THE INPUT
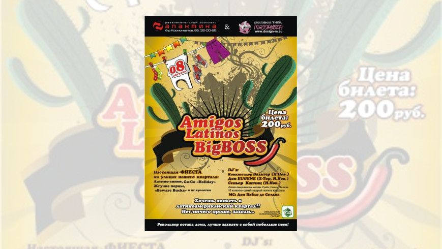 Действие: Жители квартала встречают гостей на входе, на сцене театрализованное вокально-танцевальное шоу, Go-Go «Holyday» (Н.Нов) и брейк бойз, Beware Bucks и их красотки, а так же конкурс для определения лучшего Биг босса вечера и его сеньориты. Победители получают ценный приз и бутылку текилы !!!
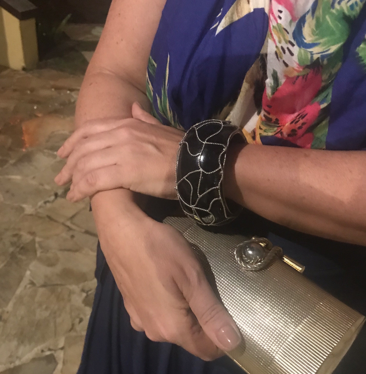 Não só a canga virou blusa, como também a bolsa de festa super tradicional virou “bolsinha de praia” … Rsrs
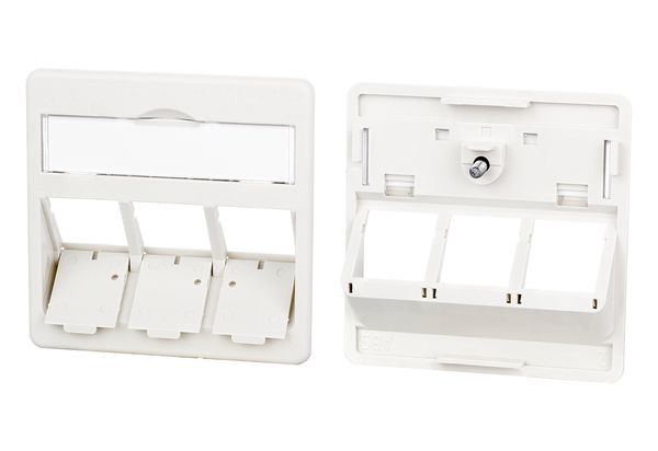 3 Port, zur Erweiterung von UP0-Anschlussdosen zu UPk-Anschlussdosen, passend für alle modularen Abschlussdosen, Oberfläche matt, mit Sichtfenster für beiliegende Beschriftungseinlage, Beschriftungsbogen 209 x 294 mm siehe Zubehör, integrierte Staubschutzklappen (auch farbig erhältlich) siehe Zubehör, Farben verkehrsweiß (RAL 9016), reinweiß (RAL 9010) oder perlweiß (RAL 1013), Varianten: verkehrsweiß, reinweiß, perlweiß
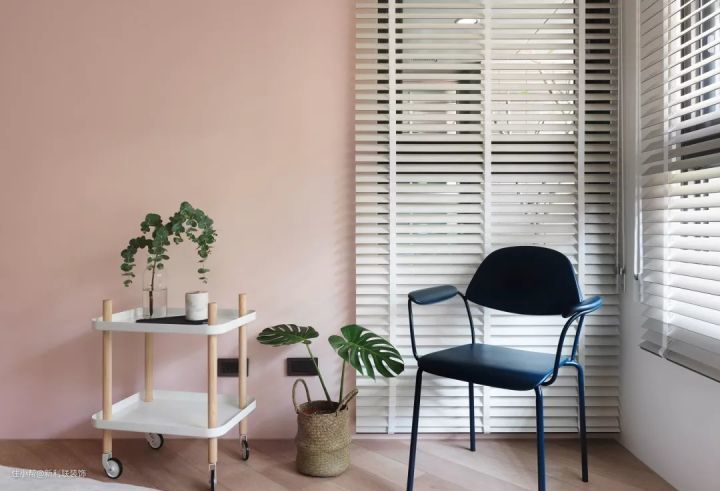 ▲ 卧室的白色和粉色撞色墙面,很大气,再加上木质斜纹人字形铺满的地板,很时尚高档。
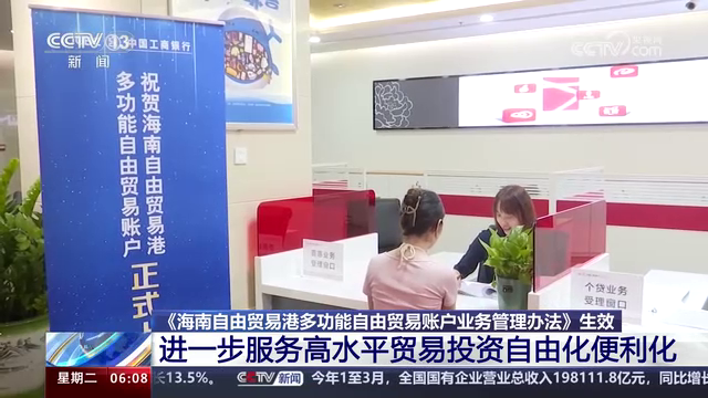 《海南自由貿(mào)易港多功能自由貿(mào)易賬戶業(yè)務管理辦法》生效 進一步服務高水平貿(mào)易投資自由化便利化
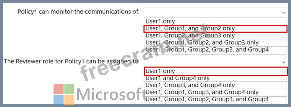 You need to identify whose communications can be monitored by Policy1, and who can be assigned the Reviewer role for Policy1.
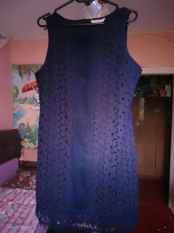 Платье темно синего цвета,54 размер.Прошва, пог 54, бедра 54, длина 90-91, 1 см.за счет зубчиков на кружке.Оплата на карту, возврат не предусмотрен.
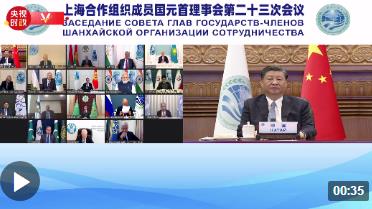 國家主席習近平7月4日下午在北京以視頻方式出席上海合作組織成員國元首理事會第二十三次會議并發表題為《牢記初心使命 堅持團結協作 實現更大發展》的重要講話。
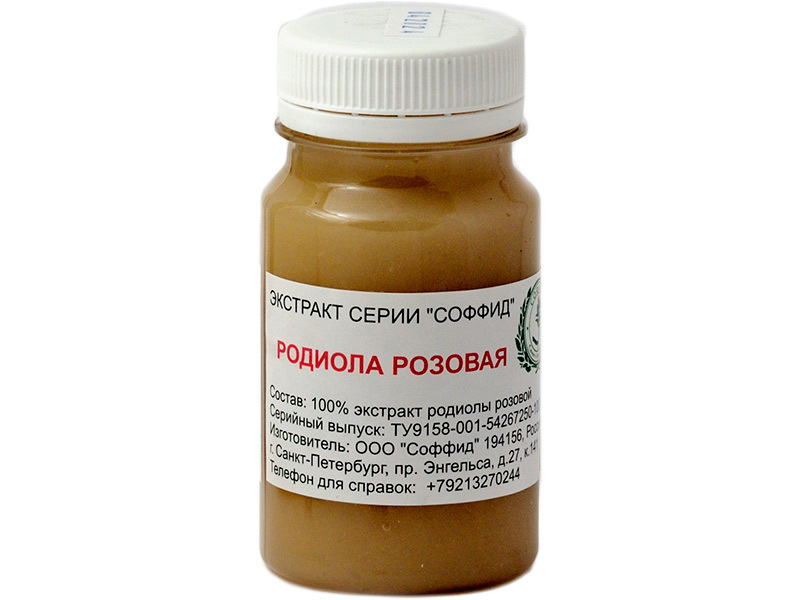 Экстракт родиолы розовой: сырье настаивают на 40% спирте или водке в соотношении 1:1 . Принимают по 10 капель 2-3 раза в день за 30 минут до еды в течение 10-20 дней .
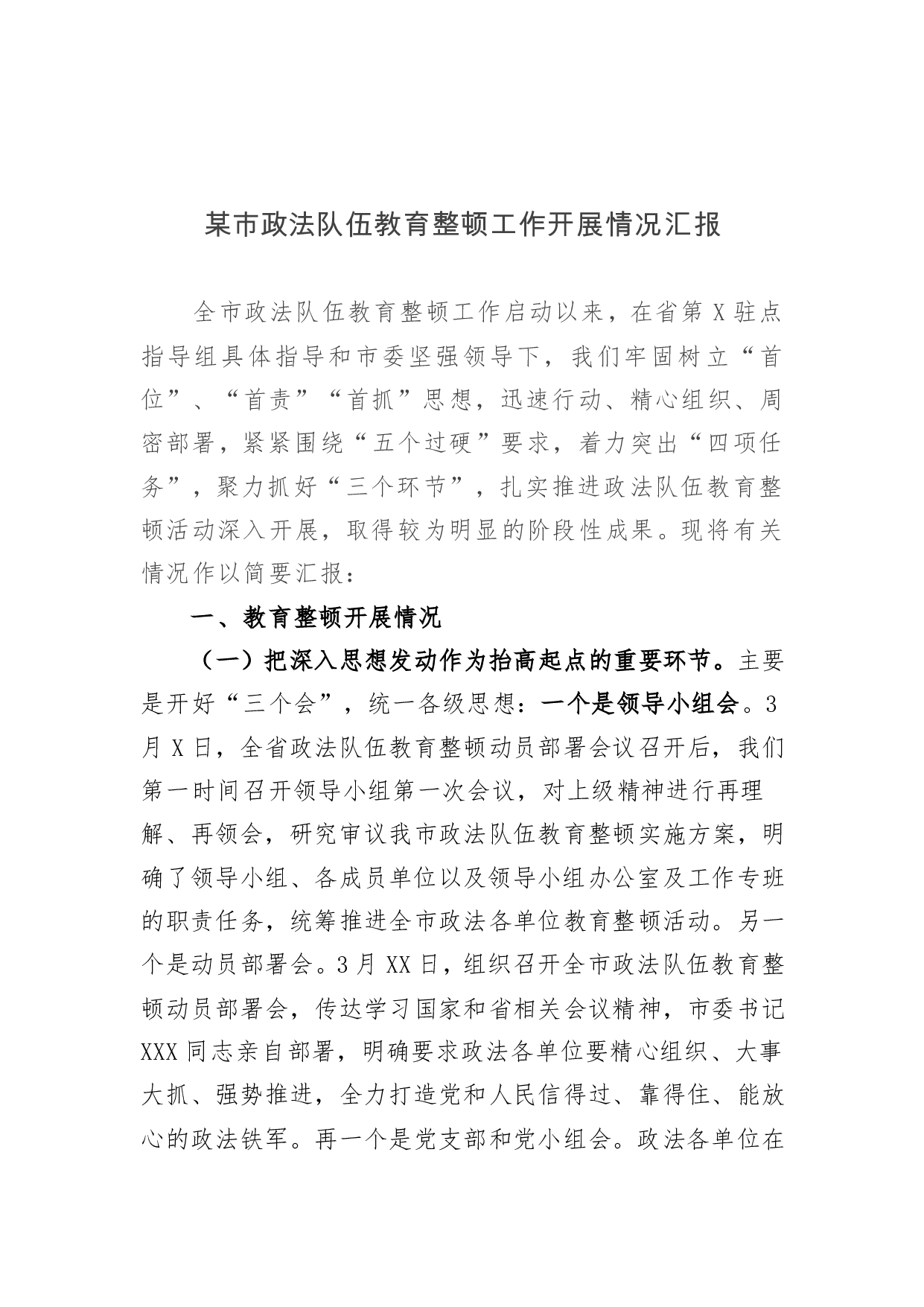 标题:某市政法队伍教育整顿工作开展情况汇报

WHAT IS REQUIRED
All records, pictures excluded: copy them exactly.

YOUR RESPONSE
 Действие: Жители квартала встречают гостей на входе, на сцене театрализованное вокально-танцевальное шоу, Go-Go «Holyday» (Н.Нов) и брейк бойз, Beware Bucks и их красотки, а так же конкурс для определения лучшего Биг босса вечера и его сеньориты. Победители получают ценный приз и бутылку текилы !!!
 Não só a canga virou blusa, como também a bolsa de festa super tradicional virou “bolsinha de praia” … Rsrs
 3 Port, zur Erweiterung von UP0-Anschlussdosen zu UPk-Anschlussdosen, passend für alle modularen Abschlussdosen, Oberfläche matt, mit Sichtfenster für beiliegende Beschriftungseinlage, Beschriftungsbogen 209 x 294 mm siehe Zubehör, integrierte Staubschutzklappen (auch farbig erhältlich) siehe Zubehör, Farben verkehrsweiß (RAL 9016), reinweiß (RAL 9010) oder perlweiß (RAL 1013), Varianten: verkehrsweiß, reinweiß, perlweiß
 ▲ 卧室的白色和粉色撞色墙面,很大气,再加上木质斜纹人字形铺满的地板,很时尚高档。
 《海南自由貿(mào)易港多功能自由貿(mào)易賬戶業(yè)務管理辦法》生效 進一步服務高水平貿(mào)易投資自由化便利化
 You need to identify whose communications can be monitored by Policy1, and who can be assigned the Reviewer role for Policy1.
 Платье темно синего цвета,54 размер.Прошва, пог 54, бедра 54, длина 90-91, 1 см.за счет зубчиков на кружке.Оплата на карту, возврат не предусмотрен.
 國家主席習近平7月4日下午在北京以視頻方式出席上海合作組織成員國元首理事會第二十三次會議并發表題為《牢記初心使命 堅持團結協作 實現更大發展》的重要講話。
 Экстракт родиолы розовой: сырье настаивают на 40% спирте или водке в соотношении 1:1 . Принимают по 10 капель 2-3 раза в день за 30 минут до еды в течение 10-20 дней .
 标题:某市政法队伍教育整顿工作开展情况汇报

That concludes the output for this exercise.